◆ WHAT YOU SHOULD DO ◆
Write out again the lines from the line with "El nombre del escritorio" up to and including the line with "The Funny Library", exactly as they stand below, and skip any picture.

◆ RECORDS PROVIDED ◆
- Opening Delimiter -
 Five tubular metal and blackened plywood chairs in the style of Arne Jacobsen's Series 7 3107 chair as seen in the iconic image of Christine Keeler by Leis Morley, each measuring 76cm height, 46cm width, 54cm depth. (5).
- Closing Delimiter -
- Opening Delimiter -
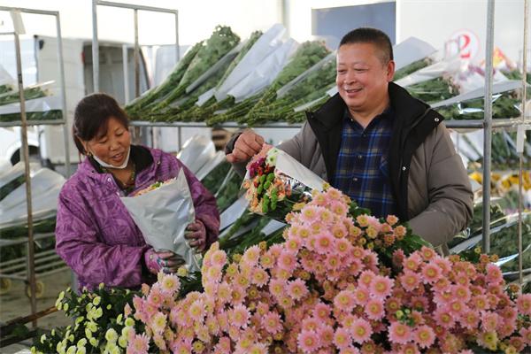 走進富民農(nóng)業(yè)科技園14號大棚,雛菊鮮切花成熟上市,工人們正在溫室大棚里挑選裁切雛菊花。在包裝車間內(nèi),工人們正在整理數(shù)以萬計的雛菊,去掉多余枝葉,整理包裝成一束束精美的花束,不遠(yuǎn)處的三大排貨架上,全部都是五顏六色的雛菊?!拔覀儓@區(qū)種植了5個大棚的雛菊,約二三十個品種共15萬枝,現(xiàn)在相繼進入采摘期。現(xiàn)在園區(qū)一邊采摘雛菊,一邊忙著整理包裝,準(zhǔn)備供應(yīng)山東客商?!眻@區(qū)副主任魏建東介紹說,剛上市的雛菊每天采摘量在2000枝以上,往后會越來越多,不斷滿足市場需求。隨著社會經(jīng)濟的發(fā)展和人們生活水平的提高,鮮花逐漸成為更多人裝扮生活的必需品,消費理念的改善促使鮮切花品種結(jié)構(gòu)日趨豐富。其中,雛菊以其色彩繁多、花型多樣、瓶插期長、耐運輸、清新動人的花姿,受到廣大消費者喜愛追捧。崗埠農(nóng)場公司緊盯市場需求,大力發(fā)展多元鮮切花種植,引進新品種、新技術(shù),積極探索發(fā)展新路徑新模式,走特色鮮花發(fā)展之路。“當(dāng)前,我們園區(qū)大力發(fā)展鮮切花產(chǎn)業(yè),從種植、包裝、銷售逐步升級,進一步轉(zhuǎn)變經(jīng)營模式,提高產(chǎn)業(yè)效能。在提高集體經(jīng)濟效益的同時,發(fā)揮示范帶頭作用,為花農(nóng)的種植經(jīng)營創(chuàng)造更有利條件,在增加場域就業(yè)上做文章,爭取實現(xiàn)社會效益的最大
- Closing Delimiter -
- Opening Delimiter -
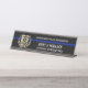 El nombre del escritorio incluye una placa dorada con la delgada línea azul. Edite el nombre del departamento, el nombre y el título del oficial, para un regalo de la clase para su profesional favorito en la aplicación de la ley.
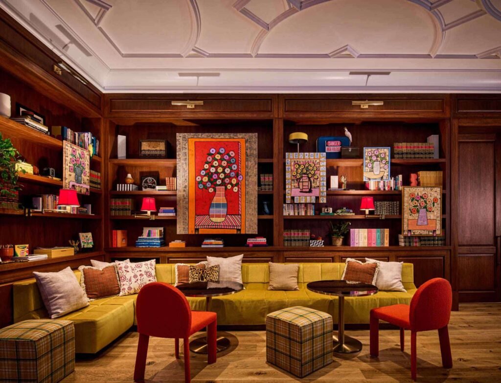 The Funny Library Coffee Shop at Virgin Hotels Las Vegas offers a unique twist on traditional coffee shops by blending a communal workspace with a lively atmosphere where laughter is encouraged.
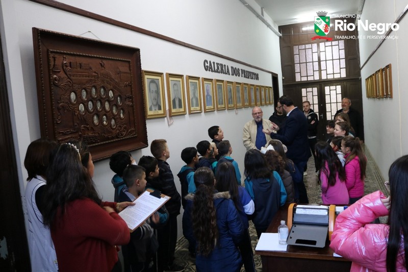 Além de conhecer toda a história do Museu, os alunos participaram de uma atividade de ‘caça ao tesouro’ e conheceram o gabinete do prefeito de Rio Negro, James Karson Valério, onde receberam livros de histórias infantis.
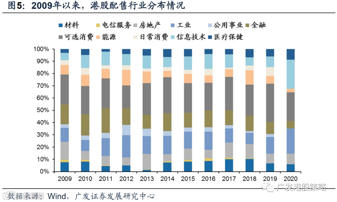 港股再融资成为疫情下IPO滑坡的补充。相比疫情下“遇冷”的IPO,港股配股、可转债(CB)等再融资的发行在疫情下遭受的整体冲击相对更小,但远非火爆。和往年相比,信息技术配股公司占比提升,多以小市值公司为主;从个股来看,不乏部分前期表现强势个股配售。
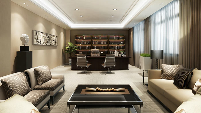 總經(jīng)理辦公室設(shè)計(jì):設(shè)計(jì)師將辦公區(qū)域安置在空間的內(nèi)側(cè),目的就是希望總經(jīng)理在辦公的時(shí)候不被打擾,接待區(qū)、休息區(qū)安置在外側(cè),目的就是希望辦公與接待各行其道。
- Closing Delimiter -
◆ FINISHED TASK ◆
 El nombre del escritorio incluye una placa dorada con la delgada línea azul. Edite el nombre del departamento, el nombre y el título del oficial, para un regalo de la clase para su profesional favorito en la aplicación de la ley.
 The Funny Library Coffee Shop at Virgin Hotels Las Vegas offers a unique twist on traditional coffee shops by blending a communal workspace with a lively atmosphere where laughter is encouraged.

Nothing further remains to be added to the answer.